**PROBLEM TO WORK ON**.
Where a line contains "Доступ к информации", begin there and restate word for word every line to the end of the entries below, pictures excluded.

RECORDS TO USE START

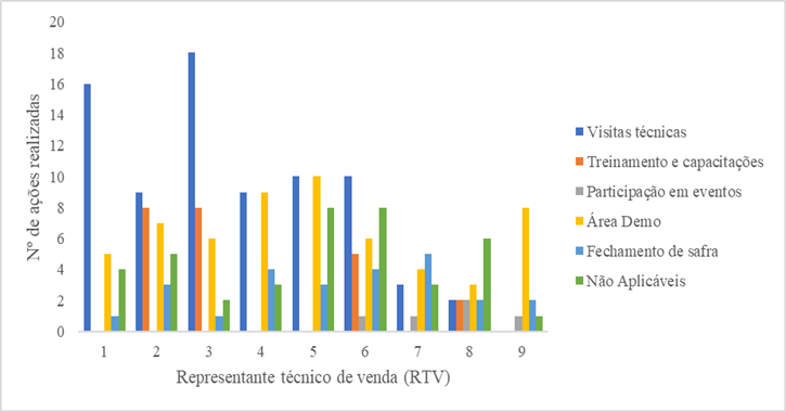 Além disso, nota-se que o RTV com menor faturamento em 2022 foi o RTV 03 (U$ 283.470,00), enquanto, em 2023, foi o RTV 08 (U$ 32.800,00) (Tabela 1). Em 2022, o RTV 03 concentrou-se prioritariamente na realização de ações como visitas técnicas (Figura 1), possivelmente limitando sua abordagem e o fortalecimento do relacionamento com os clientes. Rozzett (2010) defende a ideia de que a empresa deve realizar de forma eficiente um conjunto de atividades capazes de gerar valor de forma diferenciada ao cliente e consequentemente, gerar demanda.
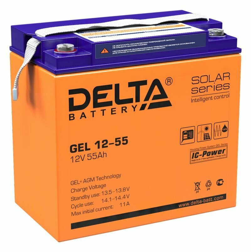 Аккумулятор Ибп 12В 55 А.ч. Delta (Gel 12-55) (228Х137х214) (Gel) DELTA battery арт. GEL1255 интересное:
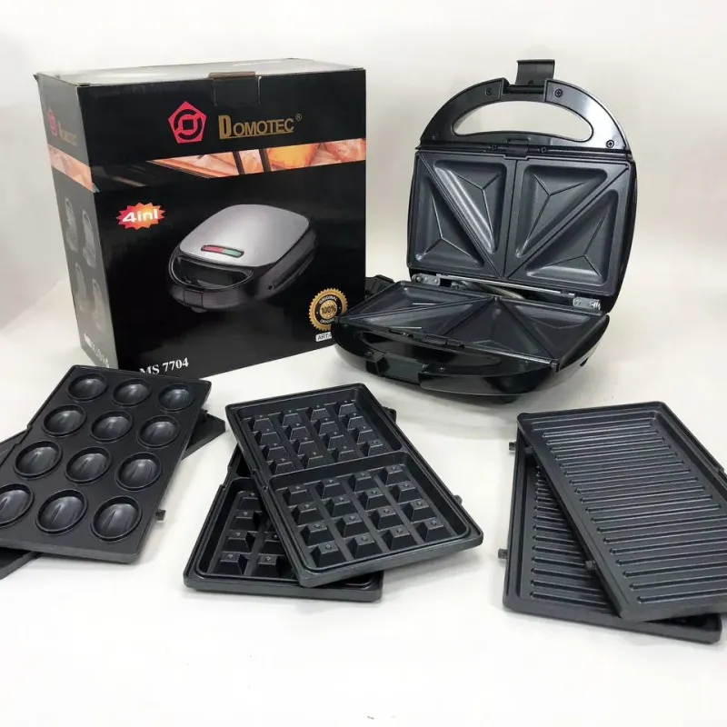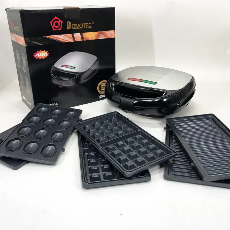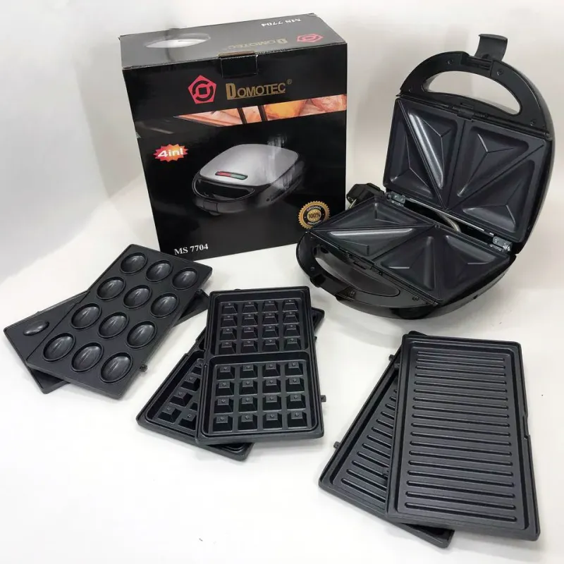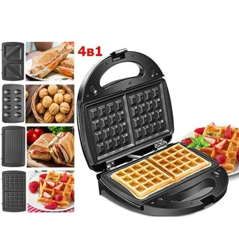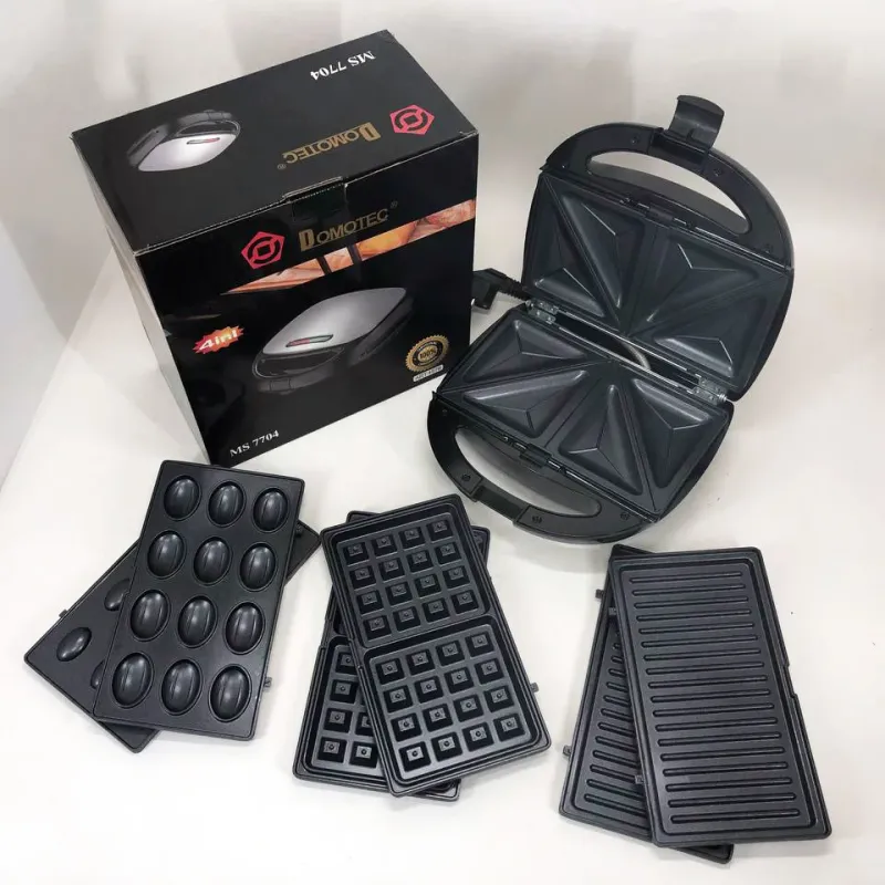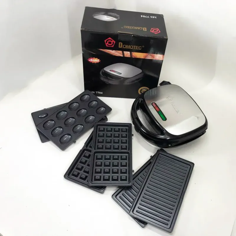 4 в 1 Гриль, бутербродница, вафельница, орешница Domotec ms 7704, 1000Вт со съемными формами:
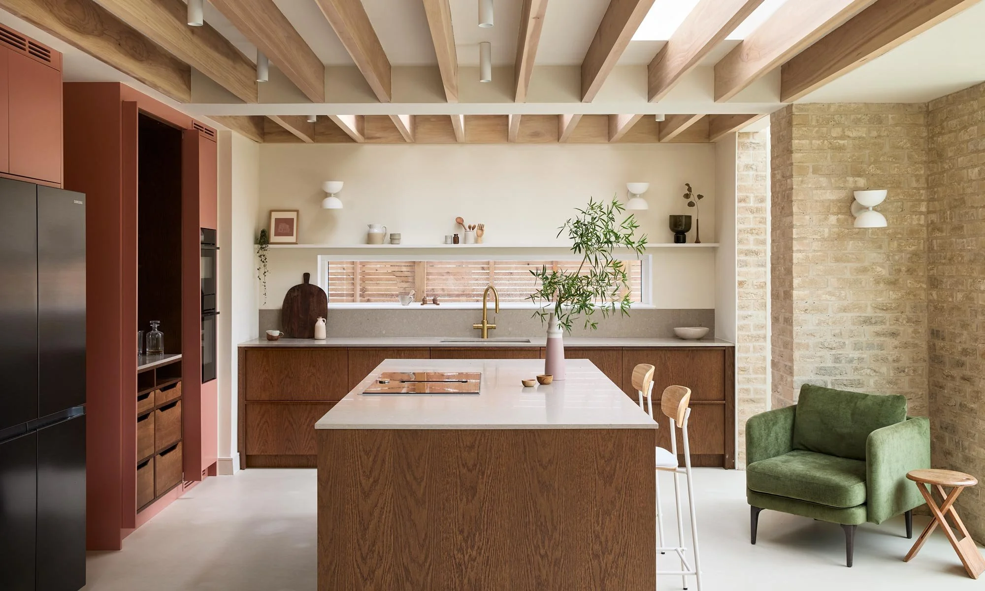 Det gamla uterummet som vette mot bakgården byttes ut mot en ny utbyggnad som erbjuder en öppen planlösning med kök, matplats och vardagsrum. Vita valde att sätta upp stora glaspartier mot trädgården för att låta ljuset flöda in. Kökets skandinaviska design i mörk ek kontrasteras av en varmrosa nyans, vilket skapar både personlighet och karaktär. De vackra vitpigmenterade takbjälkarna och tegelstensväggen förhöjer känslan och kopplingen till originaldetaljerna samt husets ursprungliga arkitektoniska stil.
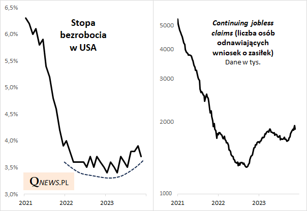 Upływający rok 2023 okazał się o tyle lepszy od wcześniejszych, powszechnie pesymistycznych oczekiwań, że nie przyniósł silnego wzrostu bezrobocia, utożsamianego często właśnie z recesją. Wskaźniki bezrobocia zaczęły faktycznie odbijać od dna, ale, wbrew obawom, nie jest to - przynajmniej na razie - silny wzrost, lecz raczej trend "pełzający". O ile jeszcze w październiku stopa bezrobocia wspięła się na 21-miesięczne maksimum, to w listopadzie cofnęła się do poziomu najniższego od lipca. Analogicznie, continuing jobless claims, czyli podawana co tydzień liczba osób odnawiających zasiłek dla bezrobotnych, właśnie cofnęła się poniżej pokonanego wcześniej kwietniowego szczytu.
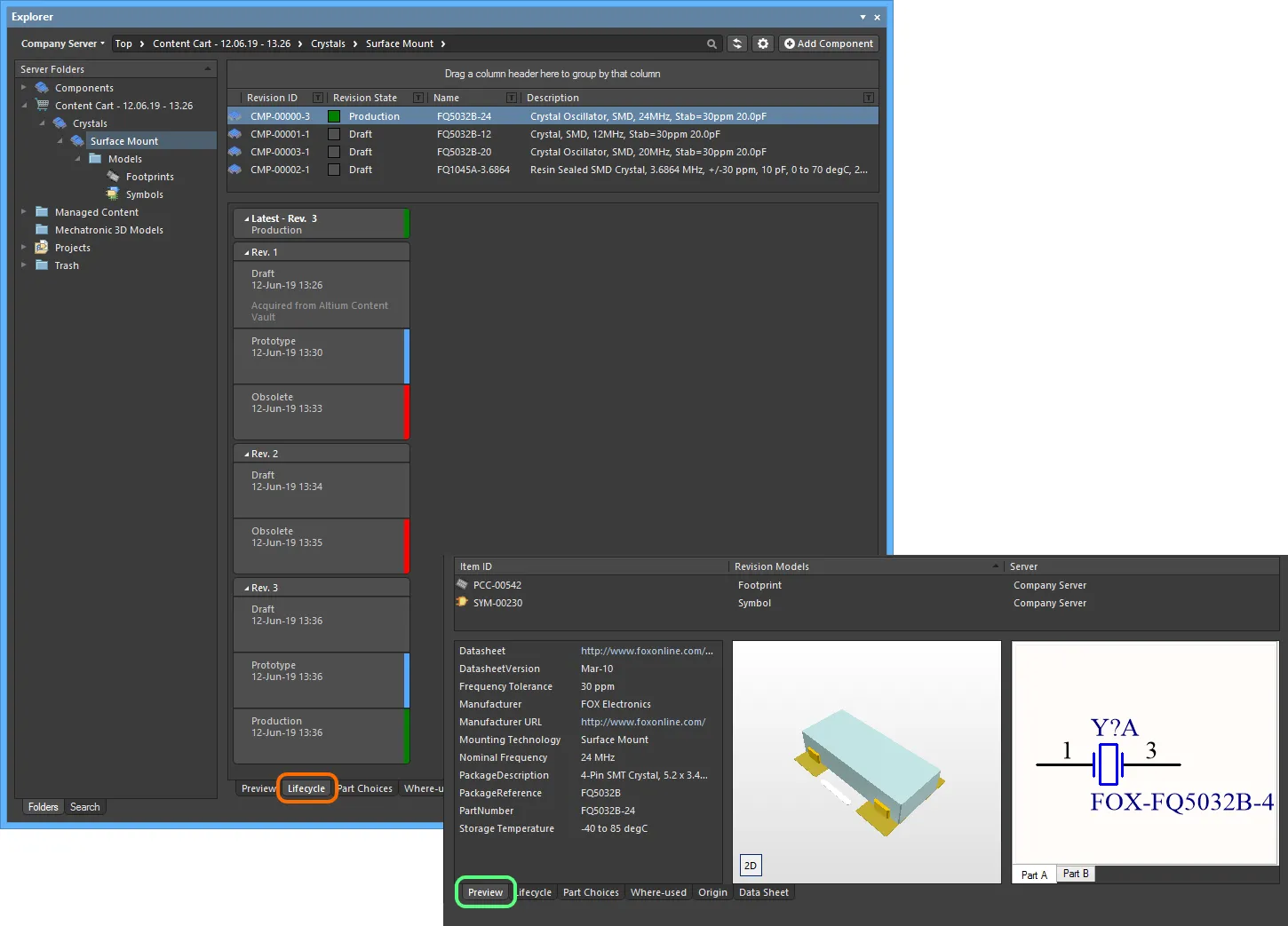 Доступ к информации о ревизиях и жизненном цикле объекта непосредственно через панель Explorer путем выбора ревизии объекта и использования вкладки аспектного вида Lifecycle. Переключитесь на вкладку аспектного вида Preview, чтобы увидеть данные, выпущенные в эту ревизию объекта.
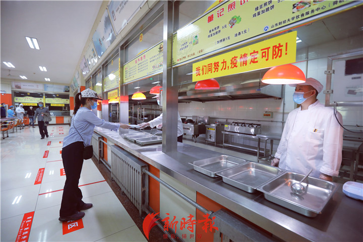 在食堂,山财大也设置了严格的就餐流程,将延长就餐时间,错时就餐,体温异常者避免进入食堂,排队候餐保持1米以上间距,就餐时1人1桌同向就餐,鼓励自带餐具和打包带走用餐等。记者在该校区食堂看到,每个原有4个座位的餐桌,有3个座位被胶带或警戒线缠绕,就餐者只能在指定座位上就餐。
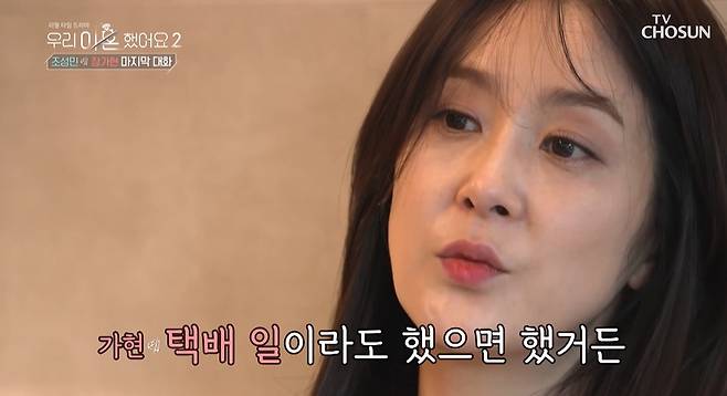 조성민은 한숨을 내쉬며 "나는 열심히 살지 않았다고 생각하는 거냐"라고 물었고, 장가현은 "나는 당신이 집에서 쉬고 있을 때 사업을 하거나 한방을 노리는 일말고, 돈이 적어도 꾸준히 수입을 얻을 수 있는 택배 일이라도 하기를 바랐다"고 고백했다.

RECORDS TO USE END

**OUTPUT BELOW**.
 Доступ к информации о ревизиях и жизненном цикле объекта непосредственно через панель Explorer путем выбора ревизии объекта и использования вкладки аспектного вида Lifecycle. Переключитесь на вкладку аспектного вида Preview, чтобы увидеть данные, выпущенные в эту ревизию объекта.
 在食堂,山财大也设置了严格的就餐流程,将延长就餐时间,错时就餐,体温异常者避免进入食堂,排队候餐保持1米以上间距,就餐时1人1桌同向就餐,鼓励自带餐具和打包带走用餐等。记者在该校区食堂看到,每个原有4个座位的餐桌,有3个座位被胶带或警戒线缠绕,就餐者只能在指定座位上就餐。
 조성민은 한숨을 내쉬며 "나는 열심히 살지 않았다고 생각하는 거냐"라고 물었고, 장가현은 "나는 당신이 집에서 쉬고 있을 때 사업을 하거나 한방을 노리는 일말고, 돈이 적어도 꾸준히 수입을 얻을 수 있는 택배 일이라도 하기를 바랐다"고 고백했다.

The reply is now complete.